I get my x-rays, the whole works. Let me just tell you that as a smoker of 25 years on now, having those x-rays done was scary as hell. I have had a zillion medical tests done in my life, but usually on my brain or in my guts: I don’t recall ever having a chest x-ray. So, it was all moment-of-truthy. But I was basically told that teeming bacteria from this toddler-based infection aside, my lungs are apparently something of a medical miracle and look just swell. Well, that’s something.

Two honking prescriptions, a trip to the market for more soup and such (including a pile of soy yogurt to avoid the hell big antibiotics wreak on one’s girly bits), and a call to poor Bri who feels terrible about all this later, I was back out on the couch in a codeine-robitussin induced stupor. I half-watched North Country for the gazillionth time because home alone, I could shamelessly weep like a baby during the last few minutes of the film where everyone finally stands (including two women as extras who were part of the real-life case, which is where I tend to really lose it) up for Josey and against sexual harassment. I watched that scene three times on a loop. It’s hokey, I know, but I was too ill to feel like an idiot about it, so it was very pleasant. If I hadn’t passed out right after, I would have watched the last five minutes of the season seven finale of Buffy to get the same buzz, too.

Anyway, I’m told not to expect to earnestly feel better for a couple of weeks. Wonderful.

I’m so frustrated right now: this week and some to myself was going to be exactly what I needed to get so much done, and so far, I can barely do a damn thing or stay up later than nine.

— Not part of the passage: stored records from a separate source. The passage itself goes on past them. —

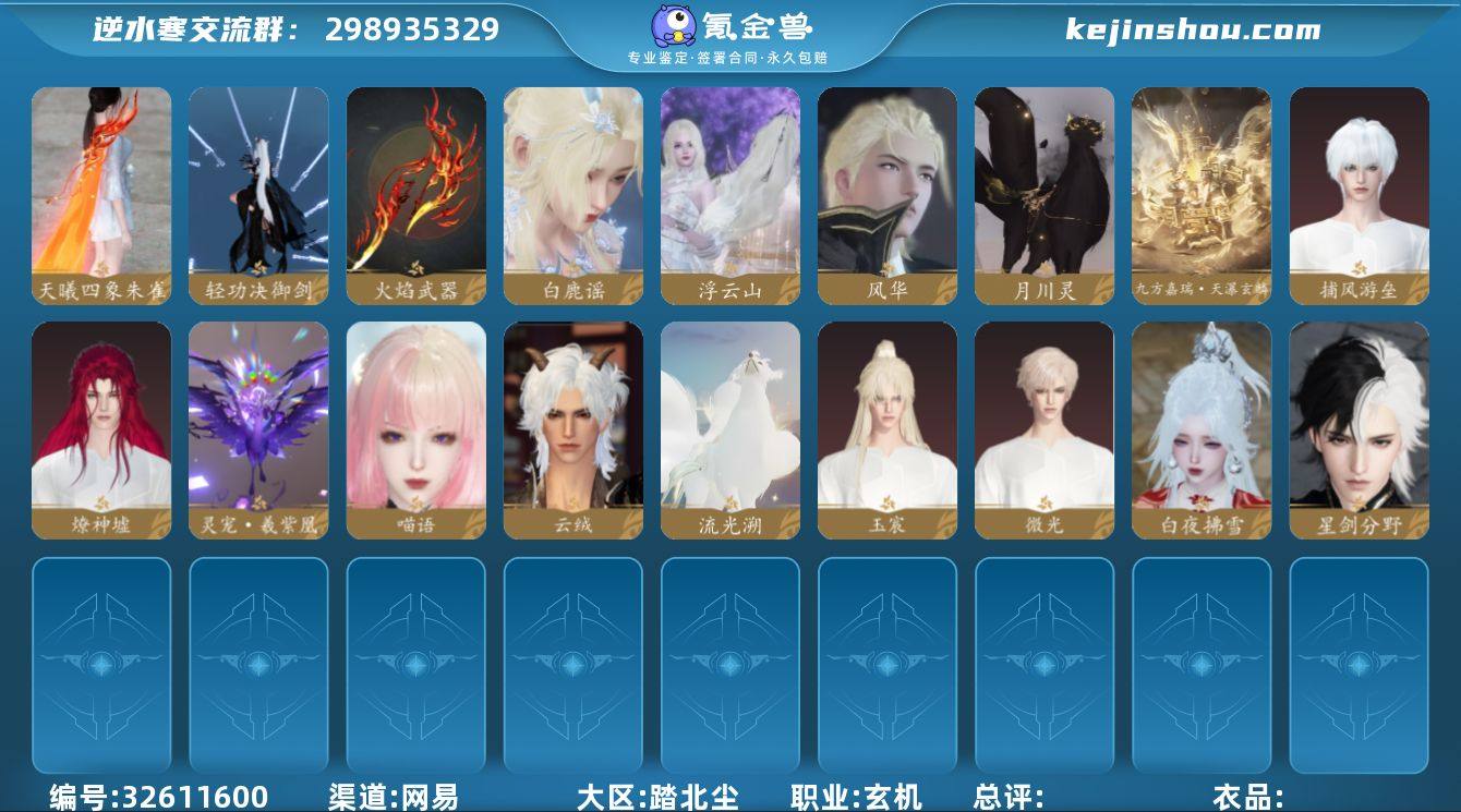 【已用天赏32-未用1】, 天霓染5, 天赏发型10, 副本外观3, 馆藏7级, 灵韵7, 10国色, 297250衣品, 92335国色值, 未用天赏石, 215套时装, 详情见图;副本外观: 白夜拂雪*2, 星剑分野;天赏外观: 浮云山, 雾中曲, 白鹿谣, 捕风游垒, 燎神墟, 云绒, 喵语, 风华,狱火武器, 火焰武器, 轻功诀御剑, 天曦四象·朱雀,九方嘉瑞·天瀑玄鳞;转盘外观:玉宸, 微光;天赏祥瑞: 流光溯, 月川灵;天赏灵宠: 灵宠·羲紫凰;武器环身: 剑渡东海, 振金雷, 临渊一梦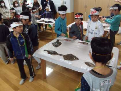 2年生が、食育の授業でたくさんの魚にふれました。アナゴ、かれい、あじ、ふぐ・・・30種類以上の魚をみて触れて感じることができました。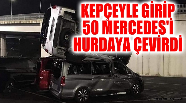 Saldırgan araçlardan bazılarının kapı ve camlarını paramparça ederken, bazılarını da kepçeyle kaldırıp diğer araçların üzerine attı.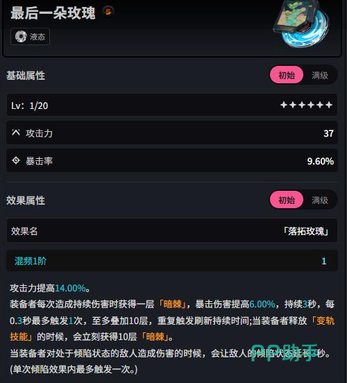 “最后一朵玫瑰”以均衡成长性见长:初始等级1时提供37点攻击力与9.6%暴击率;满级后属性持续强化,特别适配依赖暴击频率与暴击伤害协同释放的持续输出型角色。其核心机制名为“落拓玫瑰”,可对目标施加多层持续伤害效果,每叠加1层即提升6%暴击伤害,最高叠加至10层;该效果具备3秒刷新窗口,确保DOT(持续伤害)链稳定运转,是构建高频暴击循环的核心支点。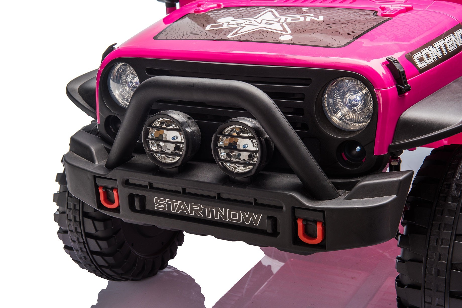 Radio FM, Bluetooth, Music, front and rear light, parent remote control, double doors can open, USB/SD card/MP3 function, power display, volume adjustment, rear trunk, safety belt, four wheels spring suspension, double seats,

Of course, it’s all doubly maddening when you already feel like shit on a stick and then not only have to deal with a couple of friends who you’ve dropped everything for more than once just not stepping up, but with the whole wonderful reminder of how much it really freaking sucks when it comes to healthcare in this country. Most of my life has been spent in the public health system, sans insurance, and the girl gets bitter sometimes. Now and then, I’ll listen to someone insured kvetch about how they’re sick and they have to get into the doctor, and what a pain that is, but that usually involves them dialing a number they already know, making an appointment, and driving a car they own to get there. Still a bitch to go anywhere when you’re sick, for sure, but that process is not a day or more of endless research, calling clinic after clinic, waiting for buses to get there or begging for rides, having to fill out piles of forms every time, sending in all your income information, being seen by seriously overworked clinic staff, and knowing the whole time that the chances of having to go to more than one clinic, paying out the wazoo every time, are high. Tack unto that, of course, the knowledge that whatever the bill is may potentially screw you for months — or when the worst happens, years and years — and leave you even poorer than you were already… just ugh. Do we have a single person working in U.S. Government who is actually, or who at least has been, for any substantial period of time, uninsured? I’m thinking not, because if we did, there’s just no way in hell our healthcare system would still be like this.

Suffice it to say, it’s doubly frustrating since chances are, the additional job I took in order to help with the existing financial badness will now likely be covering ER bills for at least a few months. Oy, that thing where when you finally think you can get even a little ahead and then get whacked with something that sets you even further back. It never freaking fails.

Eh, enough of my whinging. I’m going back to the couch. You know, the real one.

P.S. My horrendous headache just would not go the hell away, so I figured that some masturbation sure couldn’t hurt and might help. Holy mother of…something. All those women taking Robitussin to thin their cervical mucus for fertility purposes? Umm, is there a reason we can’t just use this stuff all the time as a lubricant, because I tend to be a pretty juicy gal most of the time already but that was pretty outer limits.

P.P.S. I just finished watching and what an awesome film that was.